Aus einer Befragung von 19.000 Menschen aus 92 Unternehmen wisse, sie, dass nur 4 Prozent sich gut auf den Wandel vorbereitet haben, 6 Prozent Digitalisierung im Unternehmen priorisieren würden, und nur 6 Prozent sich als erfolgreich in der neuen Arbeitswelt (flexibles Arbeiten, Netzwerkstruktur statt strengen Hierarchien, projektorientiert, virtuelles Arbeiten, etc.) bezeichnen.

Zuerst müsse eine Basis für die neue Arbeitswelt geschaffen werden, so Bruch. Dazu gehöre eine moderne Art der Führung, die “Sinn und Wertschätzung” und eine “starke emotionale Identifizierung” bei den Mitarbeitern schaffe. Erst dann könne man zum orts- und zeitunabhängigen, projektorientierten Netzwerkunternehmen werden, das neue digitale Tools einsetzt. Als Beispiel nannte sie Yahoo unter Marissa Mayer. Diese hätte Home Office wieder abgeschafft, weil sie zuerst ein Kultur des Zusammenhalts im Unternehmen schaffen wollte.

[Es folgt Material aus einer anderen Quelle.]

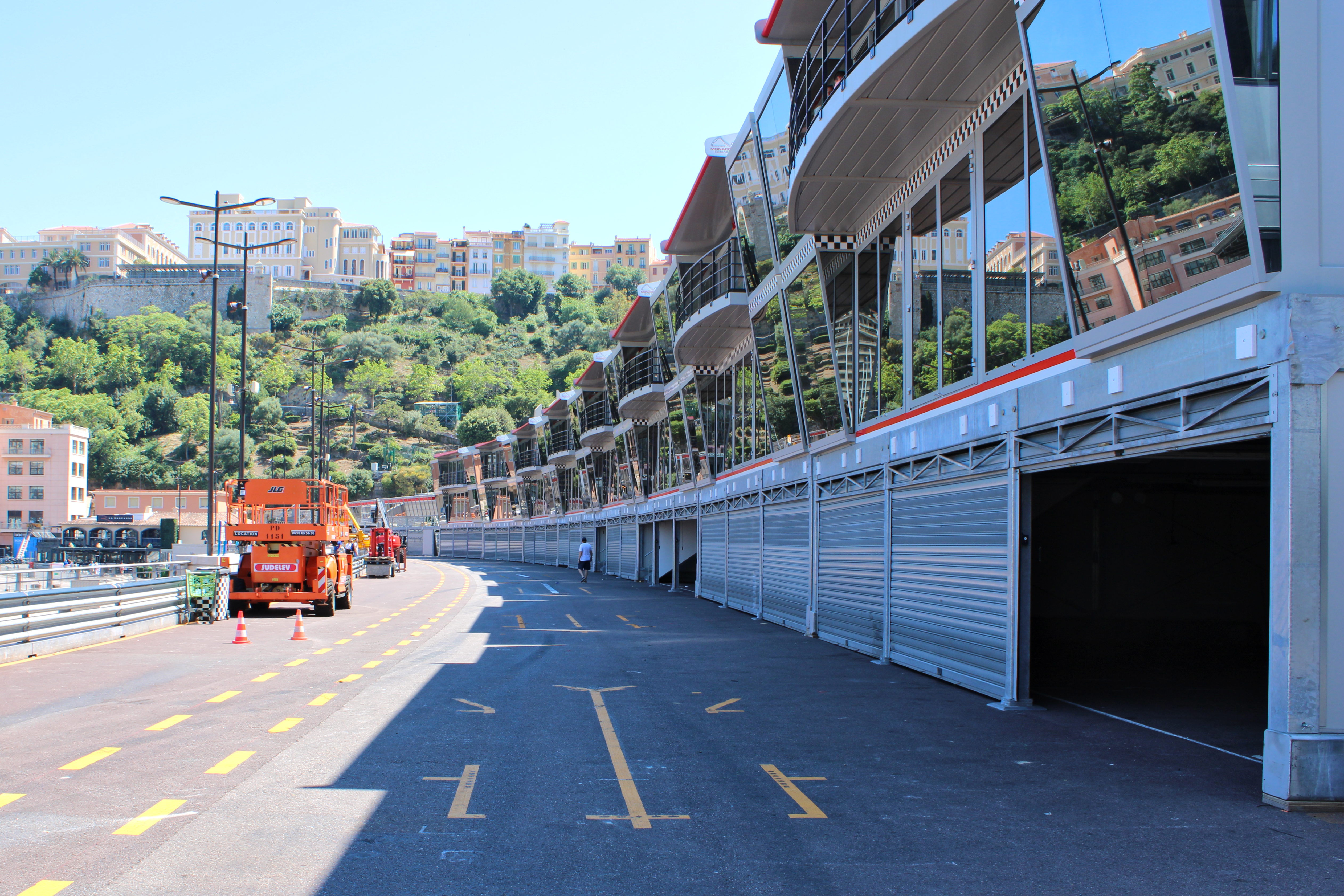 Pit Lane Circuit de Monaco
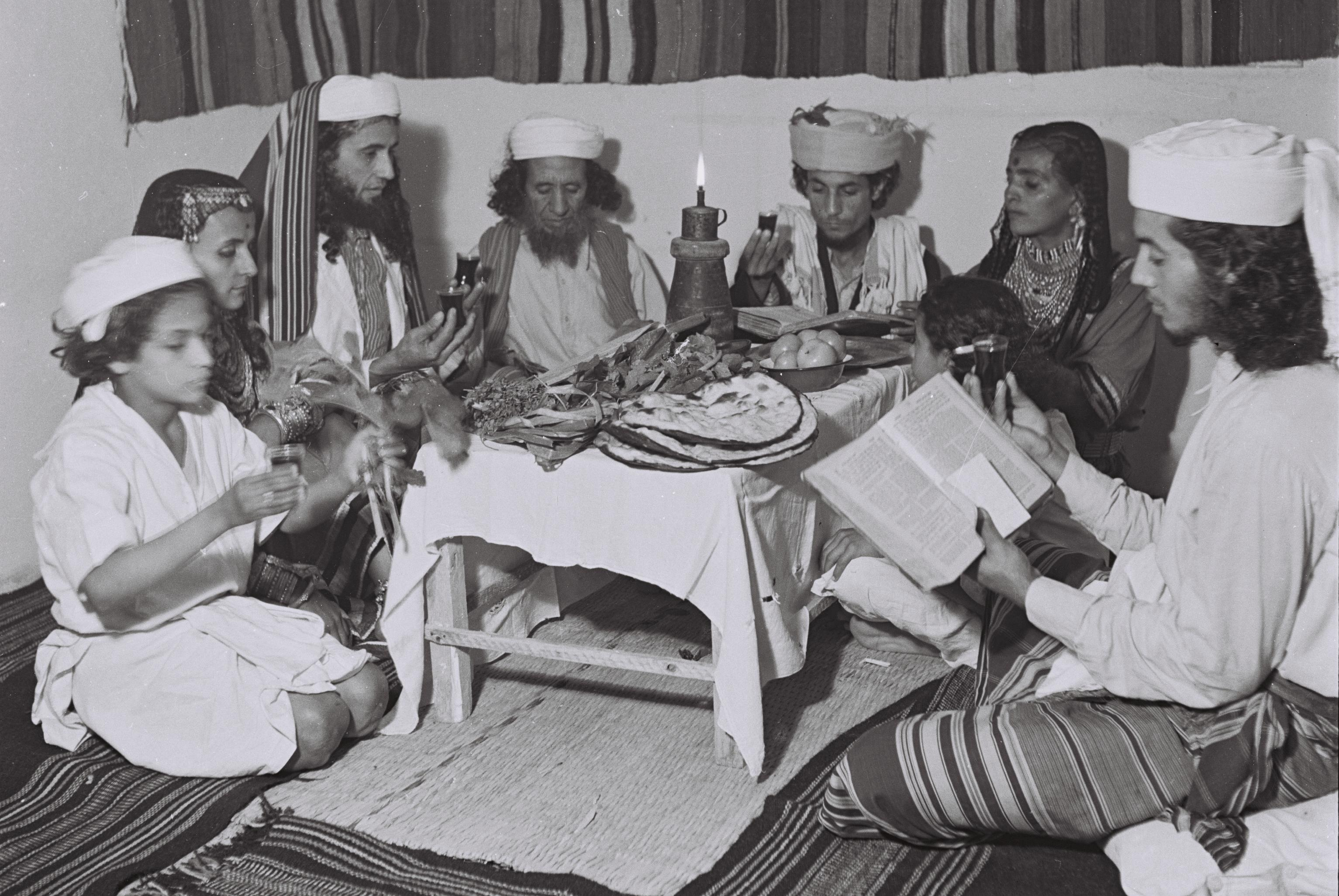 A YEMENITE HABANI FAMILY CELEBRATING THE PASSOVER SEDER AT THEIR NEW HOME IN TEL AVIV. משפחת עולים חבנים מתימן חוגגת סדר פסח מסורתי בתל אביב.
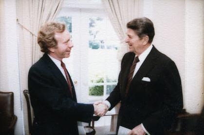 President Ronald Reagan, Joe Lieberman, and John Ashcroft

Was Konzerne lernen können

Was Konzerne von Startups lernen können, verriet dann Eveline Steinberger-Kern in drei Punkten. Startups würden Authoritäten herausfordern („Chuzpe“), sie würden unternehmerische Nächstenliebe leben (Gründer helfen sich gegenseitig) und es würde eine Fehlerkultur geben. Doch gerade Letztere hätte sich in der Wirtschaftswelt – trotz vieler vieler Aussagen zu dem Thema – immer noch nicht durchgesetzt. “Wenn man hierzulande scheitert, ist man nicht mehr salonfähig”, so Steinberger-Kern. “Ich bin deswegen selbst schon mal ins Ausland gegangen. Ich weiß auch nicht, wie man das ändern kann.”